Coinciding with this sentiment is anxiety among locals who cleave to an idealization of Austin as a bastion of open-mindedness and creative experimentation; a singular cosmopolitan hub amidst the conservative wastes of Texas. They fret that there’s been a decline in Austin’s trademark Weirdness. For them, SXSW symbolizes the bland poser rabble which has infested the city. They despise SXSW for branding, marketing, and selling Austin’s Weirdness wholesale. From their perspective, SXSW co-opts their motto of “Keep Austin Weird,” slaps it on overpriced merch, and then sells it to out of town trust funders and cynical corporate label execs.
The “weirdness” that Austin puts on T-shirts and bumper stickers, like an incantation, isn’t going to ward off banality. It isn’t enough. “Keep Austin Weird” isn’t enough to keep Austin weird. Austin has to keep making weirdness happen. The city can’t “Keep Austin Weird,” because it can’t reverse changes that have already occurred. The city must actively cultivate the weird aesthetic it prides itself on. Residents must “Make Austin Weird,” again. You have to actually do something to achieve an ideal.

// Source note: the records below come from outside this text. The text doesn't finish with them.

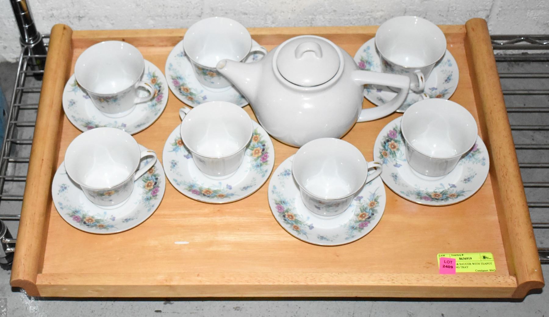 6 TEA CUP & SAUCER WITH TEAPOT ON SERVING TRAY
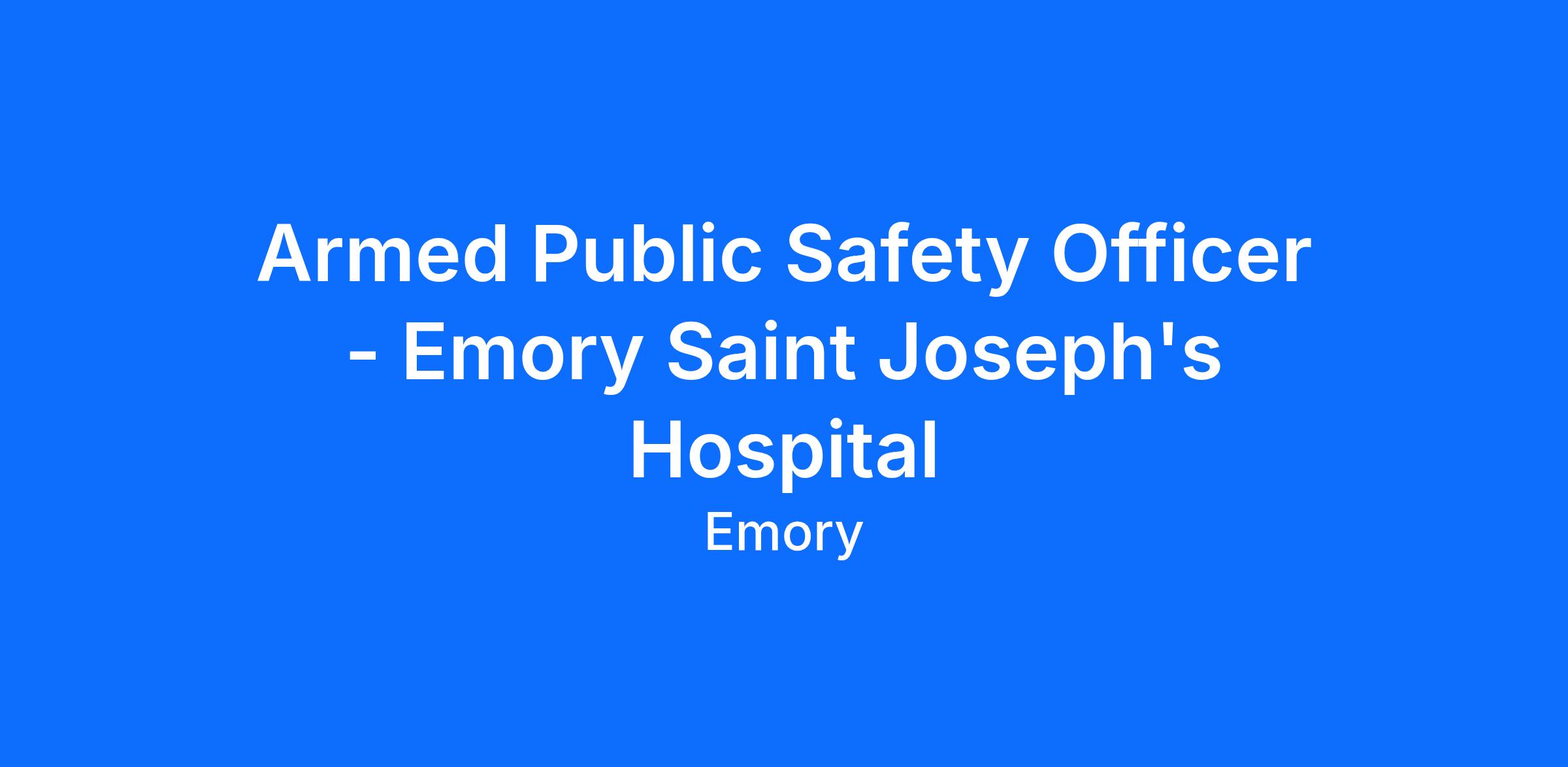 We are seeking an Armed Public Safety Officer to help keep our community safe. We support Emory Healthcare's mantra of "We're all in this together." Our goal is to offer Security Services worthy of premier healthcare. As such, we are committed to providing a safe environment for our patients, their families and guests, and our staff and neighbors. We offer value-enriched services such as friendly-approachable officers, valuables storing, access control, Identification badges and parking. Each service has been personally developed for the purpose of exceeding your service expectations. This individual will:
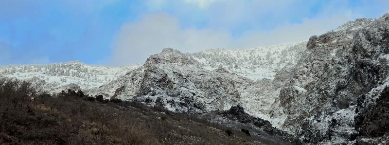 Pictured below are 1) snow surface around 8000ft with a bit of a wind lip visible and some wind-scoured surface and 2) upper elevation W facing slopes above mid elevation rocky terrain.
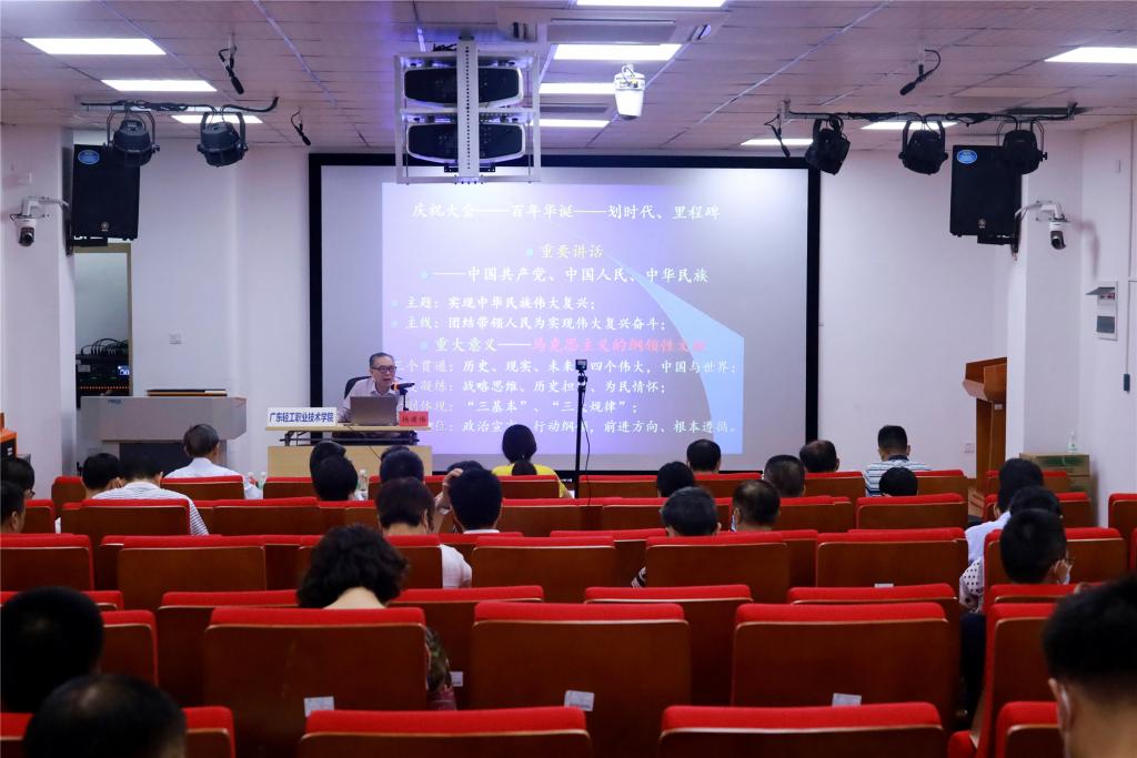 为深入学习贯彻习近平总书记“七一”重要讲话精神,切实做好“七一”重要讲话精神的学习、宣传、研究、阐释,持续推进党史学习教育走深走实。8月13日上午,我校在第一实训楼105举行党史学习教育专题宣讲暨党委理论学习中心组(扩大)学习会,省委党史研究室主任、省委党史学习教育领导小组成员、习近平总书记“七一”重要讲话精神省委宣讲团成员杨建伟教授应邀作了题为《回顾百年奋斗光辉历程 展望伟大复兴光明前景——深入学习习近平总书记“七一”重要讲话精神》的学习宣讲。广东省委教育工委党史学习教育指导组成员在线上进行指导,学校党委委员、领导干部和党员教师600余人线上线下参加了学习,宣讲会由学校党委副书记、纪委书记朱其祥主持。
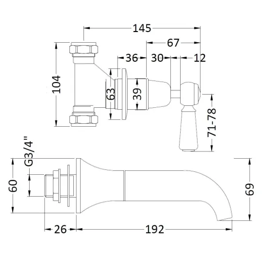 Victrion Wall Mounted Lever 3 Tap Hole Bath Filler Tap
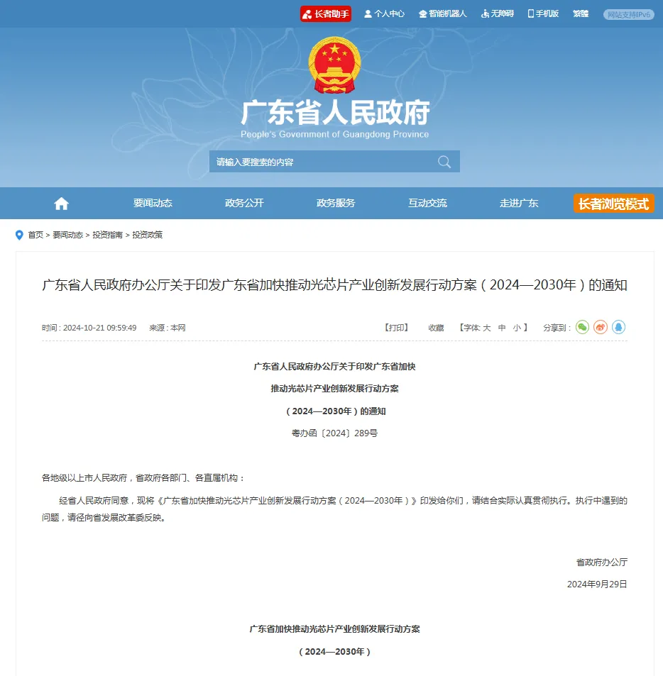 以半导体为例,《广东省加快推动光芯片产业创新发展行动方案(2024—2030年)》明确提出,力争到2030年取得10项以上光芯片领域关键核心技术突破,培育10家以上具有国际竞争力的一流领军企业,建设10个左右国家和省级创新平台,培育形成新的千亿级产业集群,建设成为具有全球影响力的光芯片产业创新高地。这一政策对广东及全国光电子与半导体产业具有战略性引领作用。

Austin is lucky in that it has a readymade mechanism to accomplish this: SXSW. Every year, tens of thousands of people make pilgrimage to Austin to take part in its trademark weirdness. The assumption among locals is that they epitomize the problem Austin faces in maintaining its character. They steal Austin’s heritage like colonists, suffocating the non-conformist spark they feed on.
But, if people come to connect with Austin’s quirkiness, then Austin should engage them instead of detesting them for what Austin has enabled: gentrification, commoditization, and normalization.
Austin has to be weird to stay weird. Austin has to cultivate weirdness so tourists and new residents don’t consume it, but create it.